As such, I’m rarely tired of hearing of the trends and directions this aspect of the industry is headed. With that in mind, I was thrilled to have the opportunity to speak with Paul Terry, the CEO of PHEMI Systems, a company that specializes in the management and organization of healthcare data. He pretty much breathes big data and the healthcare sector is certainly a focus area.

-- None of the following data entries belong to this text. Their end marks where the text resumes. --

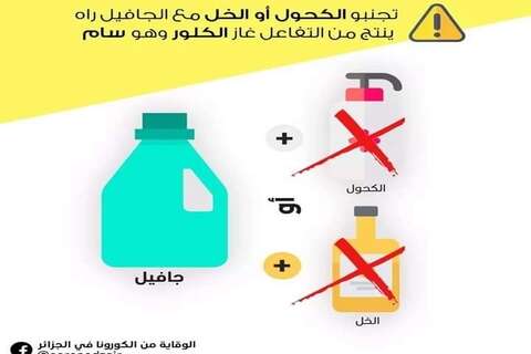 “جودي عبد الفتاح” حذر كذلك من الاستعمال العشوائي لـ “الجافيل” على مستوى المنازل، مطالبا بضرورة تفادي استعمالها بالنظر للأضرار الكبيرة التي تنجم عنها في حال الإفراط، كونها تحتوي على مادة “الكلور” التي تقضي على الجراثيم والبكتيريا والجسيمات المجهرية، لكنها لا تقضي على الفيروس الذي يتكون من غشاء بروتيني وغشاء دهني زائد RAN والذي يتطلب من أجل محاربته معقمات تتوفر على جملة من المكونات والمركبات الكيميائية التي تملك القدرة الكيميائية للقضاء على الطبقة الدهنية المكونة للغشاء أو الطبقة البروتينية إلى جانب تعطيل عمل ARN المسؤولة عن تكاثر واستنساخ الفيروس، وحذر ذات المتحدث من الخطر الكبير الناجم عن استعمال “الجافيل” مع”الخل الأبيض” الذي ينتج عنه “غاز الكلور” الذي أستعمل في الحرب العالمية الأولى والذي يسبب نفس أعراض فيروس “كورونا” ويؤثر على الجهاز التنفسي والعصبي وكذلك على جهاز المناعة لدى الإنسان. كما كشف ذات المتحدث عن ضرورة النظر في تركيز “الكلور” الذي هو عبارة عن مادة قلوية تؤثر في حال استعمالها دون قفاز على البشرة، ووجه نداء لأرباب المنازل التي تحتوي على أطفال صغار وشيوخ وعجائز من أجل تفادي استعمال “الجافيل” كون “الكلور” يحتوي على مادة سامة جدا قد تؤدي إلى ما لا يحمد عقباه والاستعانة بـ “الخل الأبيض” مع إضافة كمية من الماء.
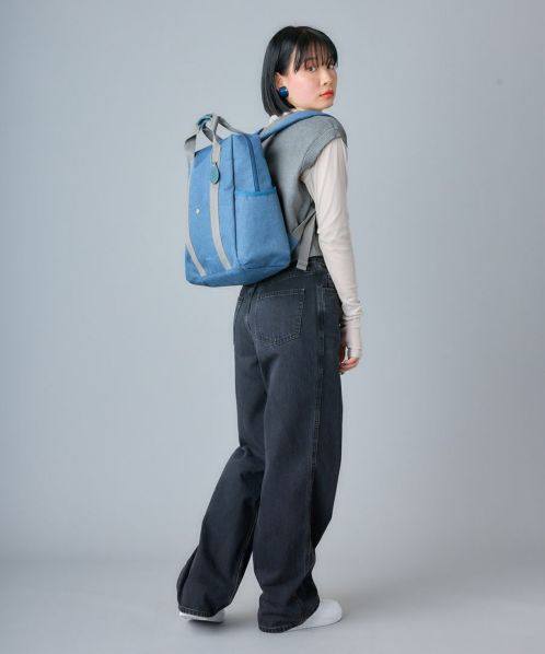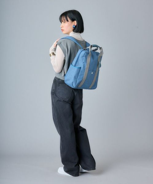 はっ水の杢調ポリエステル生地を使用した、カジュアルかつ上品見えする”BERRY”シリーズ。取り外し可能な合皮のネームタグやシルバーのカシメが大人の日常使いとマッチします。開口部が大きく開き中身が見渡せて整理しやすいデイパック。13インチのPCが収納でき、キャリーオンベルト付きのため、旅行や出張などにぴったり。
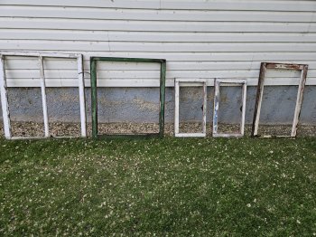 Old wooden windows and window frames for sale. Lots of shapes and sizes. With and without glass. Would work good for greenhouse, treehouse, garden shed, add mirrors etc.
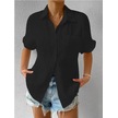 Kadın Cep Gömleği Düz Renk Günlük Yaka Gömleği Dikey Çizgili Üst Siyah
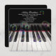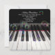 Bolhas flutuantes iridescentes em teclas de piano com reflexo em madeira preta para convite para o piano
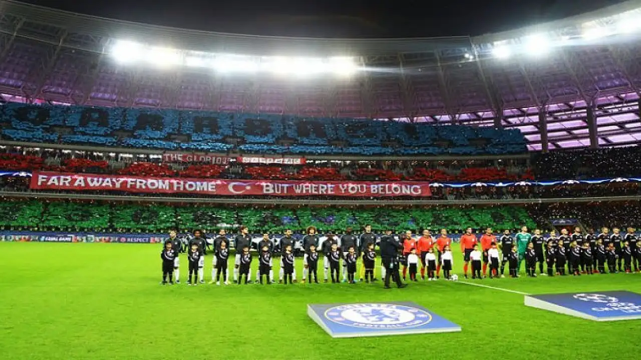 Azerbaycan'ın Şampiyonlar Ligi'ndeki temsilcisi Karabağ, bu akşam Chelsea ile karşı karşıya geldi. Karşılaşma öncesinde tribünlerdeki koreografi dikkat çekti.
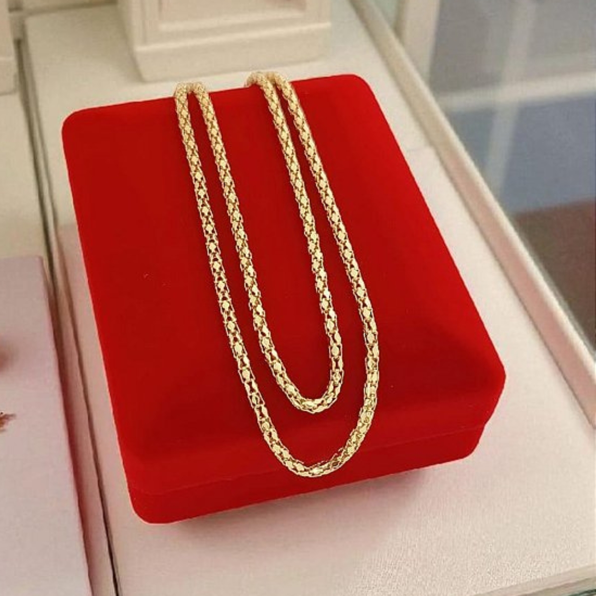 Esta corrente banhada a ouro é o toque perfeito de sofisticação e brilho para qualquer ocasião. Seu design de elos trabalhados reflete a luz de forma encantadora, destacando o acabamento refinado e o banho de ouro de alta qualidade.

Sean Fenske: Thank you for your time today to speak with me about big data in the healthcare space. First, can you give me a quick overview of what PHEMI does?
Paul Terry: We use big data to create vast knowledge repositories, with the indexing and cataloging to find the information you need whenever you need it. Take Google, which uses big data to aggregate all public web pages in the world into one space. Imagine if you could do that for private data, like healthcare records. That’s what PHEMI does.
Fenske: How did the company get started? What was the inspiration?
Terry: PHEMI was founded by medical people working in critical care. When physicians need information, it has to be at their fingertips. But that data is often spread across hundreds or thousands of databases. A hospital would need half a million connections to connect a thousand databases. Currently, they may have 10. So most data is left siloed, stranded. And it’s not just an issue in the clinical space — the same fragmentation affects medical research, healthcare business operations, healthcare policy, and many other areas.
We pull all that data together. Now, when you do that, you have an ethical, moral, and legal responsibility to protect that information. We’ve made it possible to aggregate billions of records with privacy, security, and governance for every single piece of data. That’s our competitive advantage.
Fenske: You bring up the issue of security, which is without question a huge issue these days. Can you speak more to the issue of data security within the healthcare space?
Terry: When you aggregate all of your healthcare data into one giant repository, what’s to stop anybody from doing anything they want with it? The top big data priority for healthcare organizations is security — stopping information from being leaked, controlling what people see, and auditing that so you know you’re protecting people’s privacy.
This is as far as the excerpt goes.